I also wanted to extract novel synopses and excerpts, but I ran into some difficulties using Kimono to grab the large amount of text from each novel profile page. I decided it was time to switch tools.

Imgur

With Beautiful Soup it was really easy to navigate the HTML structure of the novel profile page, and to find the tags and attributes for the text data I needed.

With all the data I needed, the next step was to process and aggregate all the information for analysis.

Scraping Script Guide

The following are a description of the iPython scripts used to scrape data.

GetCurrentContestStats - Utilizes NaNoWriMo API to get data from the most recent contest ScrapeNovelSynopses - Uses Beautiful Soup to scrape each novel synopses ScrapeNovelSynopses - Uses Beautiful Soup to scrape each novel excerpt ScrapeWCSubmissions - Parses HTML file for a JavaScript variable that contains information about daily word count submission for each novel

Raw Data Guide

Data Description Source
User Names A list of writer's usernames Hand collected
Novel Pages A list of novels by the selected writers Kimono Labs API
Novel WC Info Word count stats for each of the novels The ScrapeWCSubmissions script
Novel Names, Urls, Dates The novels with their respective NaNoWriMo page urls and the date they were entered into a NaNoWriMo contest Kimono Labs API
Novel Meta Data Contains more information about the novels Kimono Labs API
Basic User Profile Information A writer's username, their lifetime word count, how long the have been a NaNoWriMo member Kimono Labs API
Fact Sheets Various information a writer could share about their age, occupation, location, hobbies, sponsorship, or role as a Municipal Liaison for NaNoWriMo Kimono Labs API
Participation Information The past years a writer has participated in NaNoWriMo and whether they were winners or donors in that year Kimono Labs API

The Data Processing Process

After scraping all the data, the task at hand was to aggregate the information.

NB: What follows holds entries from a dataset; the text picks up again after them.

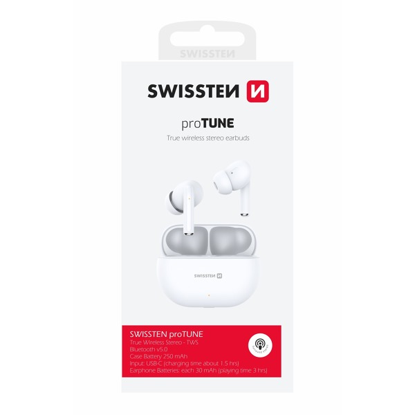 Krytoland pouzdra a kryty na mobil > TV, foto, audio-video > Slúchadlá > Slúchadlá Bluetooth > BLUETOOTH TWS SLÚCHADLÁ SWISSTEN PRO TUNE WHITE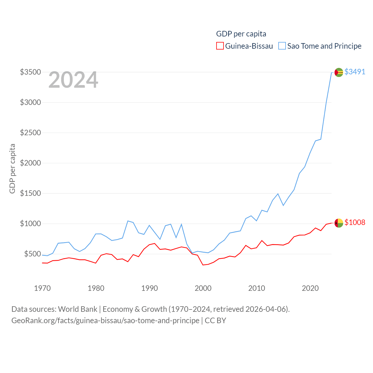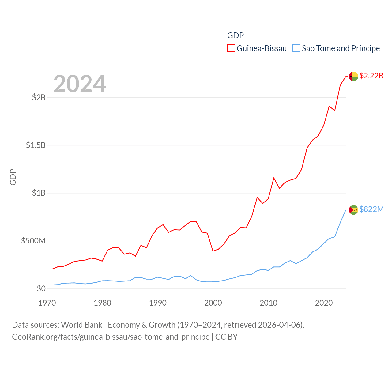 By GDP, Guinea-Bissau ranks 176/197 ($2.22B) and Sao Tome and Principe ranks 189/197 ($822M). By GDP per capita, Guinea-Bissau ranks 177/197 ($1,008), while Sao Tome and Principe ranks 134/197 ($3,491).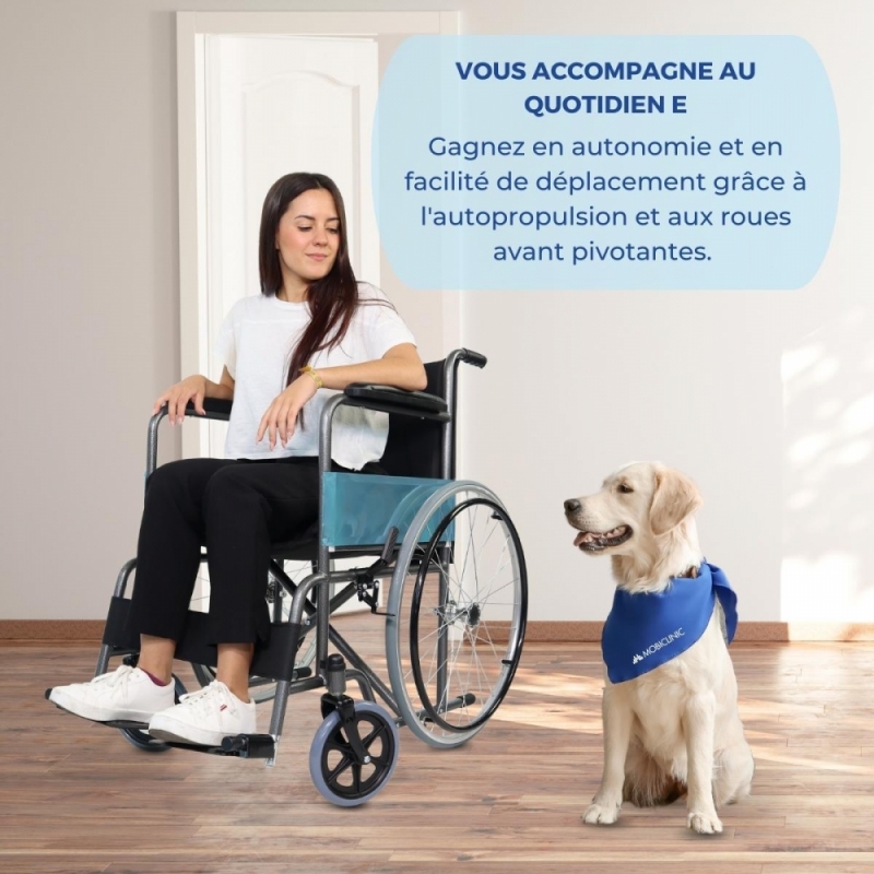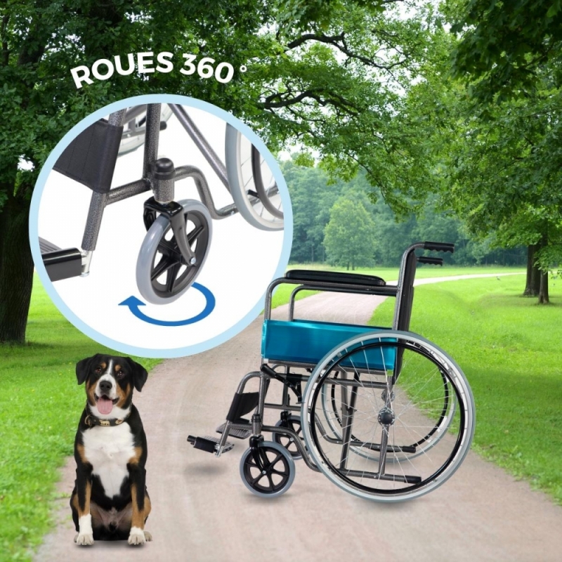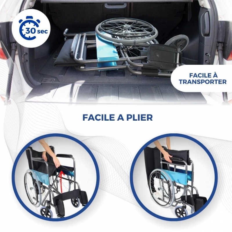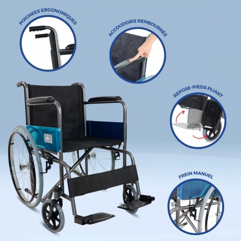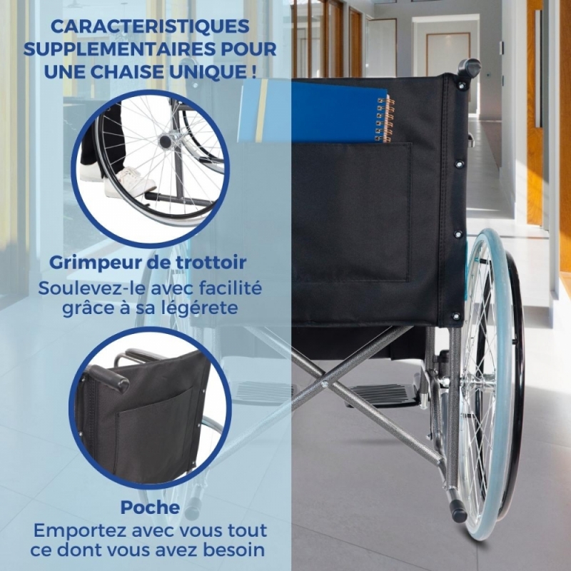 Son assise et son dossier sont ergonomiques, conçus pour offrir le plus grand confort possible. Le dossier comprend une poche de sécurité pour ranger vos affaires. Les roues sont spécialement conçues pour garantir la sécurité et faciliter la mobilité, nécessitant un minimum d'effort. C'est un fauteuil roulant économique , qui a une grande autonomie avec des roues qui minimisent l'effort et des freins manuels qui empêchent un éventuel basculement. Les freins manuels garantissent la sécurité, car ils empêchent le démarrage et le renversement du fauteuil pour les personnes handicapées dans des conditions défavorables.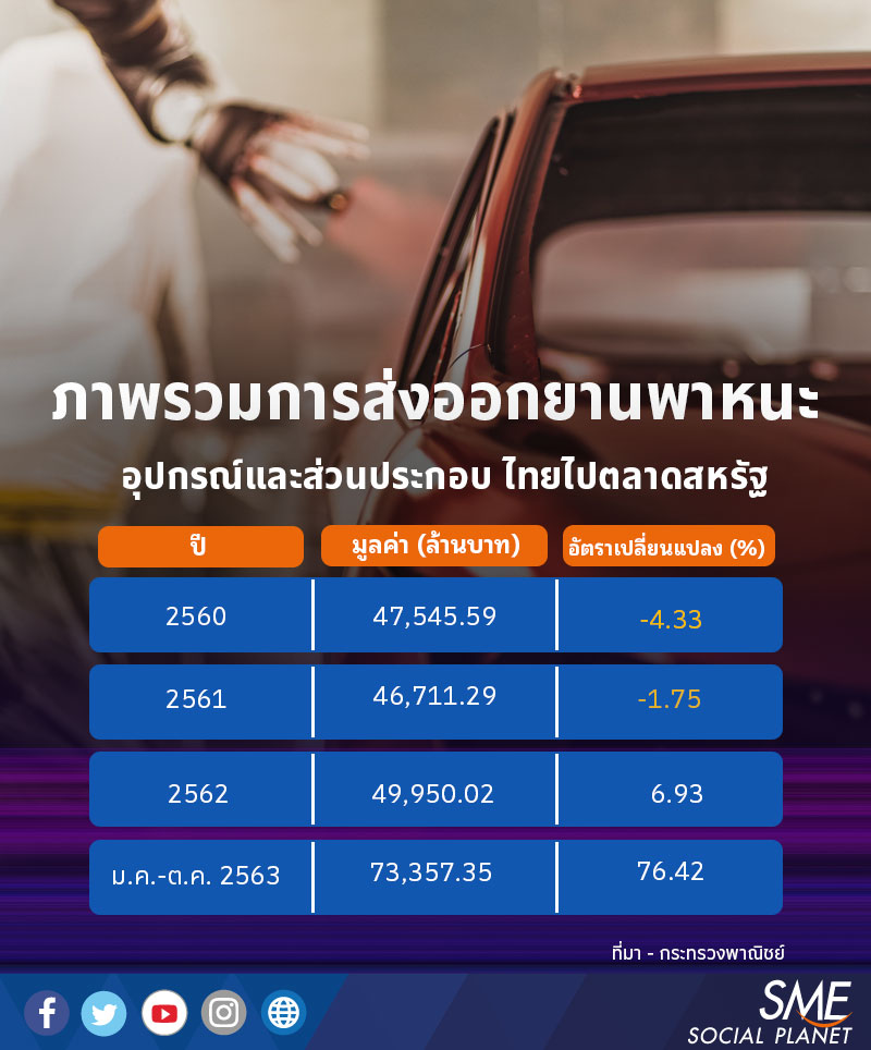 ของมูลค่าการส่งออกทั้งหมดของไทย และในช่วง 8 เดือนแรกของปี 2563 สหรัฐฯ นำเข้าสินค้ากลุ่มรถยนต์และชิ้นส่วนรถยนต์จากไทยเป็นมูลค่า

Extracting Numeric Data from Novel Text Data

I had the following information on each of the novels of each writer.

Novel Meta Data - Contains the name of the novel, the writer, the genre, the final word count, daily average word count, and whether or not it was a winning novel Novel Word Count Info - Basic statistics calculated for each novel

I merged these files on the novel name and also appended each novel's synopses and excerpt to create a novel_data.csv file.

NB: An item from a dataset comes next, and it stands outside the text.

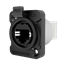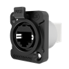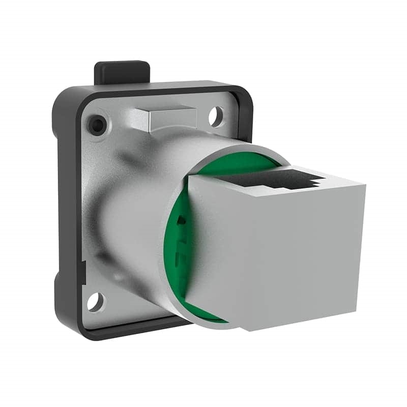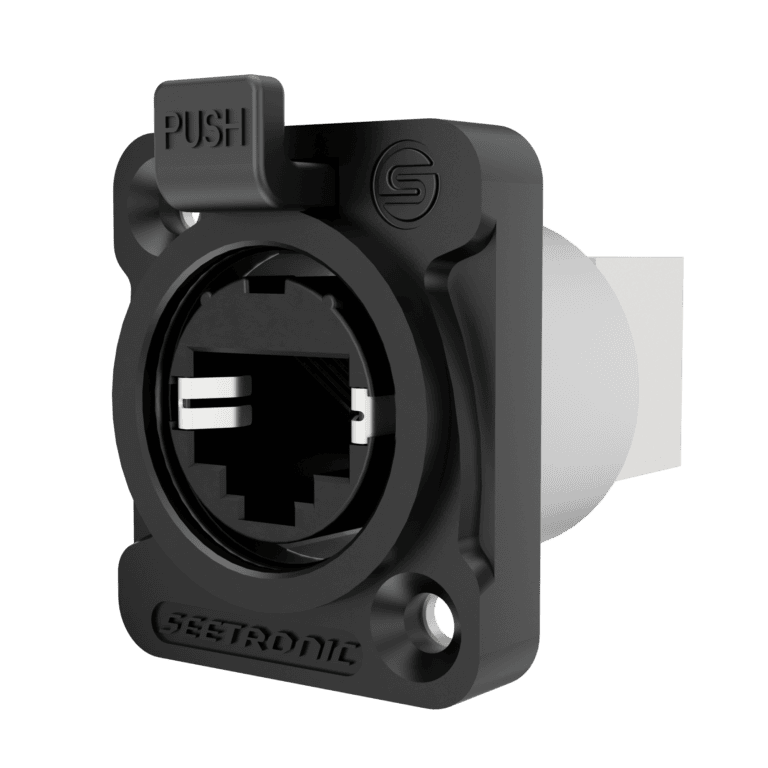 SE8FDYH-60-B – проходной панельный разъем etherCON RJ45 CAT5e (розетка-розетка) с фланцем типа D и водонепроницаемой заглушкой. Корпус с защитой класса IP65. Устанавливается на переднюю сторону панели. Разъем на задней части развернут вверх. Контакты покрыты золотом. Цвет корпуса серебристый.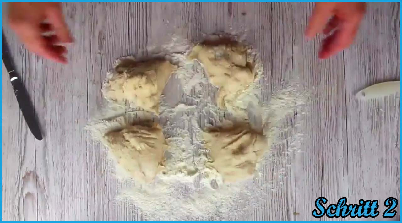 Als nächtes legst du den Teig auf eine mit Mehl bestreute Arrbeitsfläche und teilst ihn in 4 Teile.

There is also a great deal of information in the text data for each novel - the genre, synopses, excerpt. I hypothesize, if a writer is well-prepared for NaNoWriMo, they will have a clear genre chosen for their novel, and their novel profile will have a well-written synopses and excerpt - signs that their novel idea is fleshed out and they've done some planning before the contest starts.

From the text data, I extracted numeric data such as number of words, unique words, paragraphs, and sentences in a synopses and excerpt. I also calculated a reading score for the synopses and excerpt, and classified the genre of each novel as standard (fits into the usual novel genres such as Fiction, Historical, Young Adult) or non-standard (the novel hasn't been given a genre yet, it's a more obscure genre, or a combination of different genres).

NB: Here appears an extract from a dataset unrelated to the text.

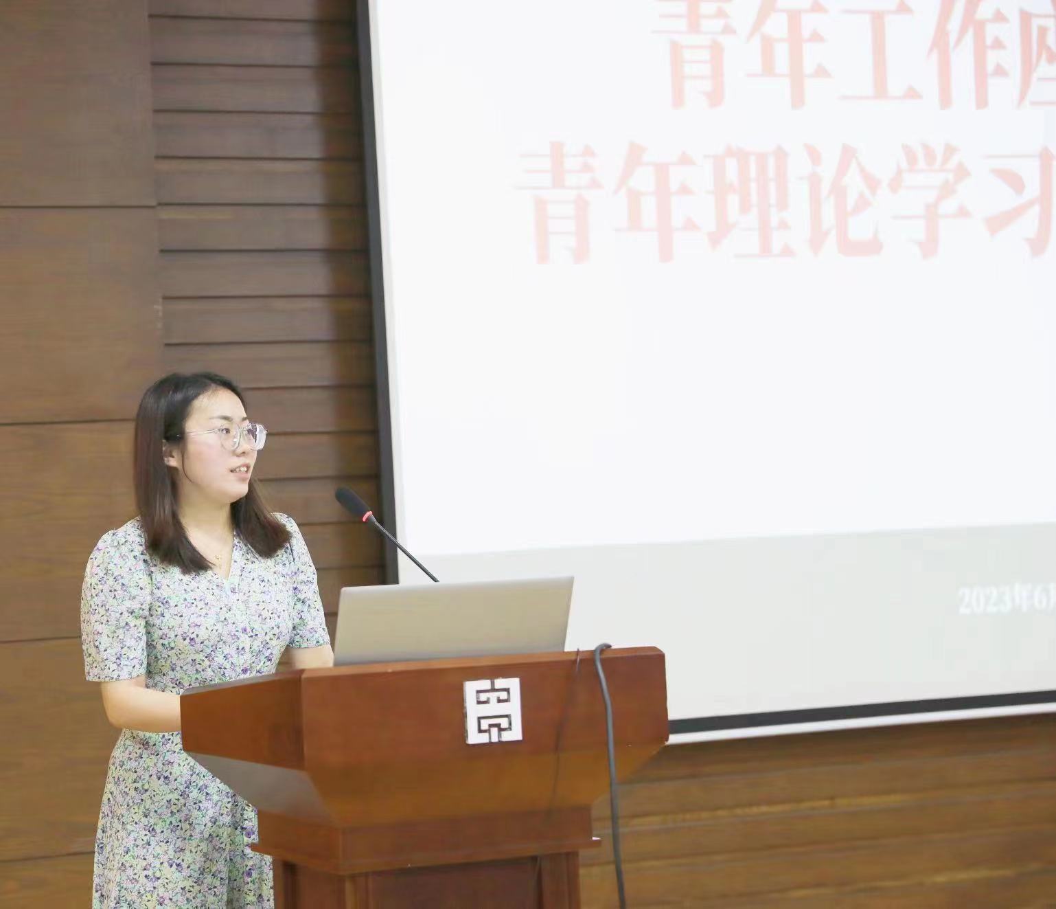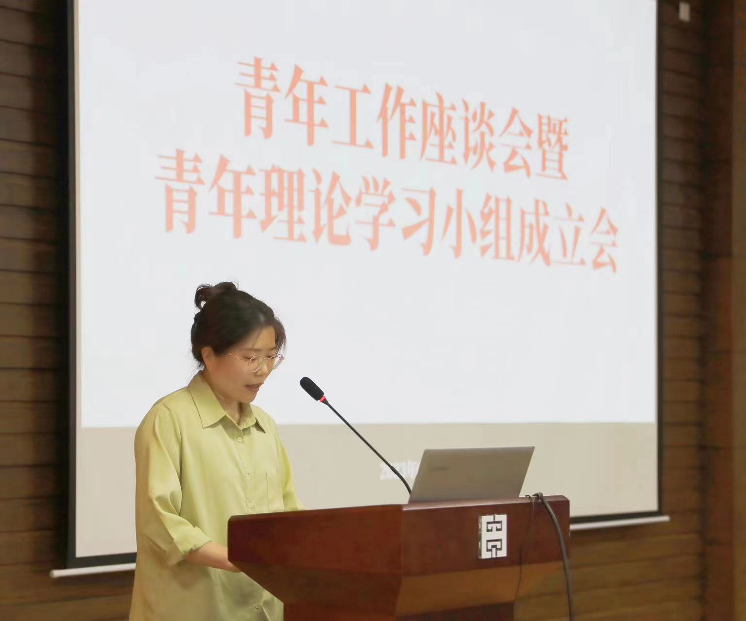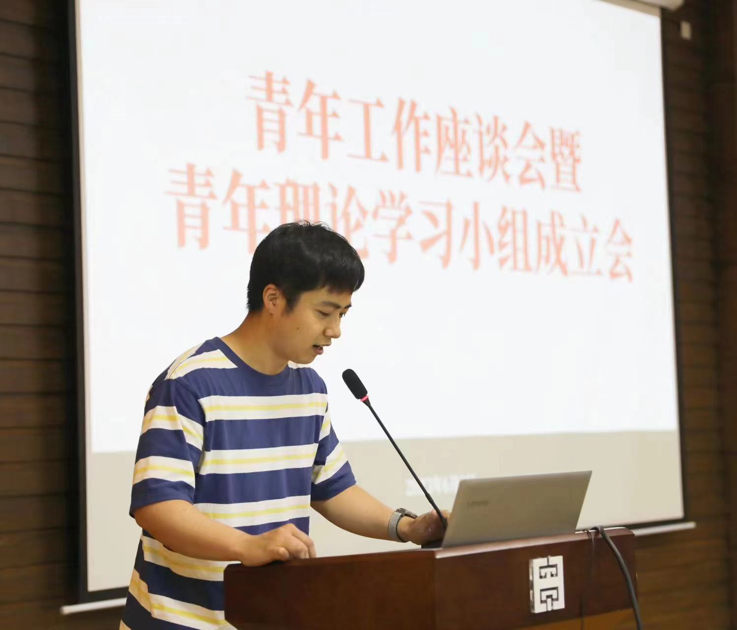 随后,青年理论学习小组组长通过幻灯片形式,向参会青年详细介绍了青年理论学习小组的概念、学习内容和组织形式等。馆党委副书记、馆长李飞宣读了成立青年理论学习小组的通知并对本次座谈会作总结发言,对青年理论学习小组提出了几点要求。他强调青年人要珍惜好时光、把握好时机,不断修炼自我,把个人理想融入社会、融入党和国家事业发展中。他指出,青年理论学习小组要做好毕业生和社会人之间的“缓冲带”,当好新进单位年轻人的“大哥哥”“大姐姐”,把青年人带向正道。要当好贵博高质量发展的生力军,充分激发青年人活力,释放创造力,不断用学习成果指导实践,接续奋斗,成为博物馆未来发展的明亮希望。要把青年理论学习小组做成党建和业务深度融合的好平台,促进博物馆党建和业务工作的高质量发展,为贵州的文博事业添砖加瓦,为新时代贵州发展作出更大贡献。

I then appended this data to the other novel data in another novel_features file.

Aggregating Writer Data

In addition to their novels, I had the following raw data about each writer:

Basic User Profile Data - A writer's username, their lifetime word count, how long the have been a NaNoWriMo member Fact Sheets - Various information a writer could share about their age, occupation, location, hobbies, sponsorship, or role as a Municipal Liaison for NaNoWriMo Participation Data - The past years a writer has participated in NaNoWriMo and whether they were winners or donors in that year.

After a bit of cleaning, I merged the data in these files by writers' usernames.

Now, I needed to somehow aggregate the major novel data for each writer and merge it with the other writer data.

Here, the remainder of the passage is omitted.